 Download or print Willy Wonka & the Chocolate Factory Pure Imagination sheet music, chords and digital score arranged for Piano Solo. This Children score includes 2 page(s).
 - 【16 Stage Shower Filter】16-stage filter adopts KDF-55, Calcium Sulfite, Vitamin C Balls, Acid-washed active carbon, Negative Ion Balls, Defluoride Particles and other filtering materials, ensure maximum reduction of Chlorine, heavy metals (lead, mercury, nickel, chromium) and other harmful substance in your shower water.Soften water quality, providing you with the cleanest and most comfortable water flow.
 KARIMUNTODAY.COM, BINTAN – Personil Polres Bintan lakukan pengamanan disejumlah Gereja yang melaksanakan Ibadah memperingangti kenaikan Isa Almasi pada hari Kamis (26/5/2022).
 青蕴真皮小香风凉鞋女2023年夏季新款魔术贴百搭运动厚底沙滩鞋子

▬▬▬

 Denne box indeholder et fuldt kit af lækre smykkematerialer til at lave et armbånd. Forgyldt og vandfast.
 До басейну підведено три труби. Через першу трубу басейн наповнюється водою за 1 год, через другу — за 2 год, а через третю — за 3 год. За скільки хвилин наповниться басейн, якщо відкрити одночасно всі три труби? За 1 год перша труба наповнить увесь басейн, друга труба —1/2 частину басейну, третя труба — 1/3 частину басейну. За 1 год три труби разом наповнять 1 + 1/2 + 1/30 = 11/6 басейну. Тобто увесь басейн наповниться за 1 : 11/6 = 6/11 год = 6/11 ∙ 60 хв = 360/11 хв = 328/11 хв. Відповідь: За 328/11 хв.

▬▬▬

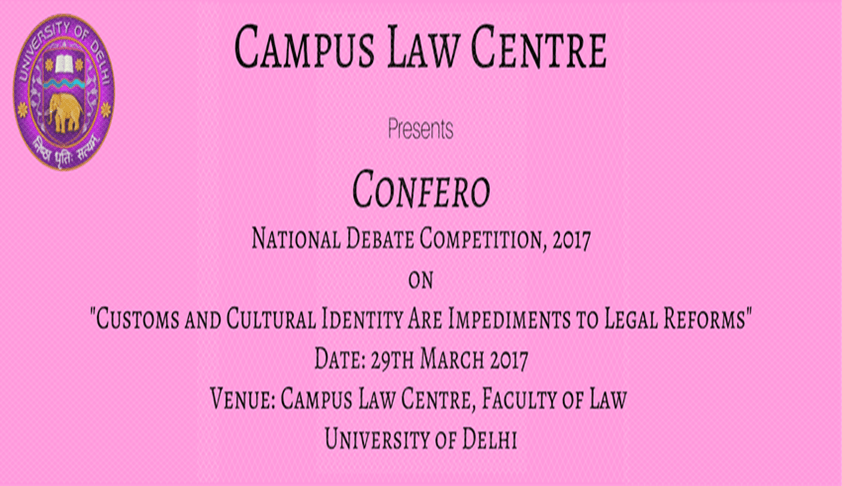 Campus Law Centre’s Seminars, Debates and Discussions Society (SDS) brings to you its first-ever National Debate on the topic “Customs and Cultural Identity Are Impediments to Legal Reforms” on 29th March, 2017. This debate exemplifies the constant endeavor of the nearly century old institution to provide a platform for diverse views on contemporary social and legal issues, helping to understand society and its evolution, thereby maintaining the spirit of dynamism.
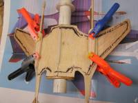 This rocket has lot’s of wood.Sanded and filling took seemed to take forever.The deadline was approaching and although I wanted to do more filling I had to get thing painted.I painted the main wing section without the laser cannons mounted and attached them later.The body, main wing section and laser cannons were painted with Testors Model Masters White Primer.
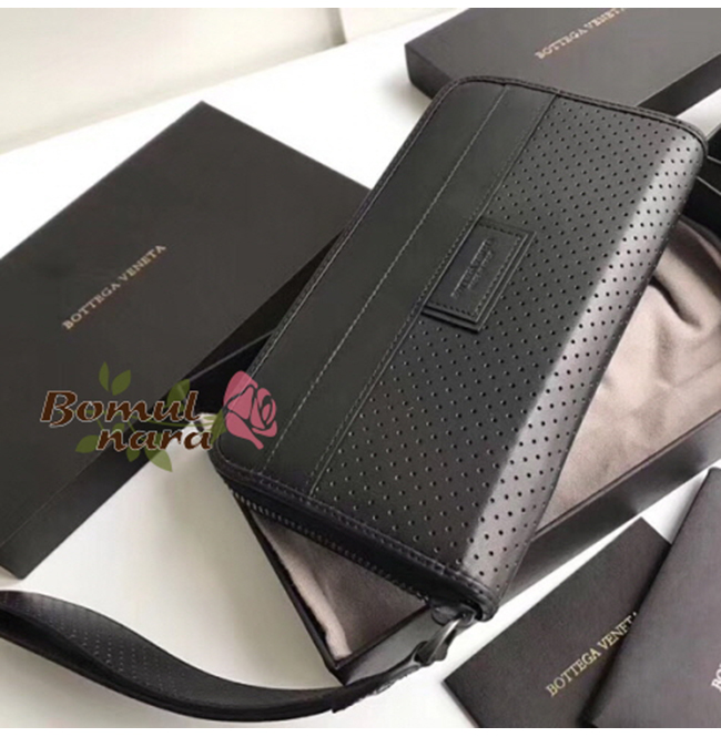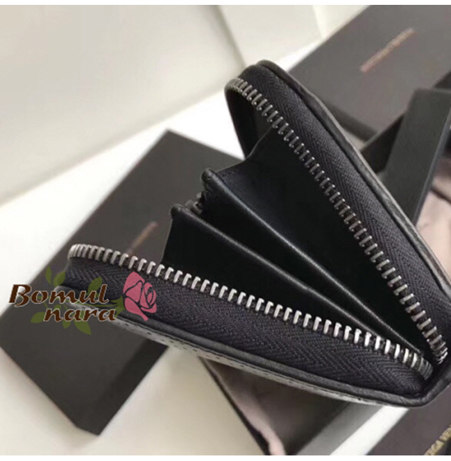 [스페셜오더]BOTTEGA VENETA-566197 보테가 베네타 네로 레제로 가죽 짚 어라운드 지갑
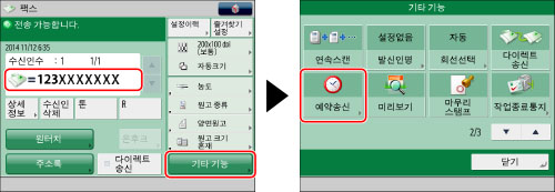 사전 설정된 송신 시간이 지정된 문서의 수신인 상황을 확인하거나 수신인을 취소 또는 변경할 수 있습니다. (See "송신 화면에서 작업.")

▬▬▬

What this task involves:
Repeat exactly the lines of the listing above, from the one with "Download or print" down to the one with "青蕴真皮小香风凉鞋女2023年夏季新款魔术贴百搭运动厚底沙滩鞋子"; both of those lines belong in the range.

Problem solution:
 Download or print Willy Wonka & the Chocolate Factory Pure Imagination sheet music, chords and digital score arranged for Piano Solo. This Children score includes 2 page(s).
 - 【16 Stage Shower Filter】16-stage filter adopts KDF-55, Calcium Sulfite, Vitamin C Balls, Acid-washed active carbon, Negative Ion Balls, Defluoride Particles and other filtering materials, ensure maximum reduction of Chlorine, heavy metals (lead, mercury, nickel, chromium) and other harmful substance in your shower water.Soften water quality, providing you with the cleanest and most comfortable water flow.
 KARIMUNTODAY.COM, BINTAN – Personil Polres Bintan lakukan pengamanan disejumlah Gereja yang melaksanakan Ibadah memperingangti kenaikan Isa Almasi pada hari Kamis (26/5/2022).
 青蕴真皮小香风凉鞋女2023年夏季新款魔术贴百搭运动厚底沙滩鞋子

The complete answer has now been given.